Senti o calor subir pelo pescoço até as bochechas. O tom dele era dúbio. Para Roberto, soava como um elogio qualquer. Mas eu sabia o subtexto. A forma como os olhos dele deslizavam pelo decote sutil da minha blusa quando disse "inspirador". A forma como tamborilar os dedos na mesa, como se testasse minha paciência.
Fingi não perceber. Mantive o olhar nos papéis, mas minha mão começou a tremer levemente. Ele notou, claro. E sorriu, satisfeito.
— Clara, você poderá acompanhar a reunião de amanhã com os representantes da Sales Ltda. — continuou Roberto. — Quero que observe como faço a mediação. Isso será importante para sua evolução aqui dentro.
— Claro, senhor — murmurei, grata por ter algo concreto em que focar.
— A propósito, Theo, não quero problemas — Roberto continuou, deixando claro com as palavras seguintes que estava atento aos mínimos detalhes. — Não quero outro escândalo envolvendo o nome desta empresa.
— Que ofensa — ele dramatizou. — Está me confundindo com o homem que fui… semana passada?
Roberto riu, balançando a cabeça.
— Não me obrigue a falar com você como se ainda fosse um garoto.

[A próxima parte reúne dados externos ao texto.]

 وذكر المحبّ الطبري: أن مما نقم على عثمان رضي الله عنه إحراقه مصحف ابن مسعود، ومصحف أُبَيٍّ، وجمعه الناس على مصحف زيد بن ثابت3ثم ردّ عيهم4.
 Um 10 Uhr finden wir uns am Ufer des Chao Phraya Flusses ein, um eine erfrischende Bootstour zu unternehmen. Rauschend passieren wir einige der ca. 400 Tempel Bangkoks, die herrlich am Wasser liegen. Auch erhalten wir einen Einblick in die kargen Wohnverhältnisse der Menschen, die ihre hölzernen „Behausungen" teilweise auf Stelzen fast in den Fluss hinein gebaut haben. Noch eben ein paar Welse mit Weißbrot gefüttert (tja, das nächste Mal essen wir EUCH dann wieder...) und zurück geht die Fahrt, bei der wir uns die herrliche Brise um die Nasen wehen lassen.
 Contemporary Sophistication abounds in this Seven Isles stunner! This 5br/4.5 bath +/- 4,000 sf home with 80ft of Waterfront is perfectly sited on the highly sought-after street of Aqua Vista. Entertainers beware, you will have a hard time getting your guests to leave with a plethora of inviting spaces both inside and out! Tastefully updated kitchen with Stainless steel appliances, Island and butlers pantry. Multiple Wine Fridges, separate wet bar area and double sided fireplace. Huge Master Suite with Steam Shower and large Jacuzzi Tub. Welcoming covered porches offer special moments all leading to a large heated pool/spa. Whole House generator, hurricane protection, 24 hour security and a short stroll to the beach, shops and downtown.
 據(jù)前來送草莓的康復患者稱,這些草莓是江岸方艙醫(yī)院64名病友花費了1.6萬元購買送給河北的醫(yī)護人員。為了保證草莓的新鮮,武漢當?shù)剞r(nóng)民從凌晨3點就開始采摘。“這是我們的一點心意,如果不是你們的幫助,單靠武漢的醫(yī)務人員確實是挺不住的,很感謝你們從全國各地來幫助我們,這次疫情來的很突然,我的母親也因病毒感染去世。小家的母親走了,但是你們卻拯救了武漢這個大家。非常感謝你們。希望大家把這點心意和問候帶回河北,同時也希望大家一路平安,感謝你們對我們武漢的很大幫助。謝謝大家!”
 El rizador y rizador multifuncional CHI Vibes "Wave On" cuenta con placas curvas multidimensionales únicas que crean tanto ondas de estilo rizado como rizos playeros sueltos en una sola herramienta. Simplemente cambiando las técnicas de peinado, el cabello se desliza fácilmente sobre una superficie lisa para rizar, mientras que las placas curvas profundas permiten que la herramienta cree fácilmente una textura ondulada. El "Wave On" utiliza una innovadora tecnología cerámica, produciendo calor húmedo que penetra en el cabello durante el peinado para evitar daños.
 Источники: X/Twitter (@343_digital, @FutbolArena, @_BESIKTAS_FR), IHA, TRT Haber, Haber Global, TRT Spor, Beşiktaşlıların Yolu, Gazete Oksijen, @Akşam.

Theo ergueu as mãos em rendição, mas lançou-me um olhar cheio de promessas. Eu me encolhi na cadeira.
A reunião terminou alguns minutos depois. Roberto recebeu uma ligação urgente e saiu da sala com pressa, já com o celular no ouvido.
Fiquei recolhendo meus papéis, ainda processando o que tinha acontecido, quando Theo se aproximou por trás, com passos leves demais para um homem do tamanho dele.
— Está sempre tão corada… — murmurou. — É por vergonha ou por raiva?
Virei-me bruscamente, mas não calculei o movimento. Meu sapato agarrou no tapete e o tropeço foi inevitável. Instintivamente, Theo segurou minha cintura com firmeza antes que eu caísse sobre ele. Seu corpo era quente, sólido… perto demais.
Nossos rostos estavam perigosamente próximos. Por um segundo, ninguém respirou.
— Eu avisei — ele disse em um sussurro rouco. — Você ainda vai tropeçar em mim de um jeito que não vai querer levantar.
Soltei-me rapidamente, sentindo o coração disparar. Recolhi meus papéis como se aquilo fosse me proteger dele, mas sabia… estava perdida.
Porque ele não precisava me tocar para me desestabilizar.
Mas quando tocava… eu simplesmente esquecia de respirar.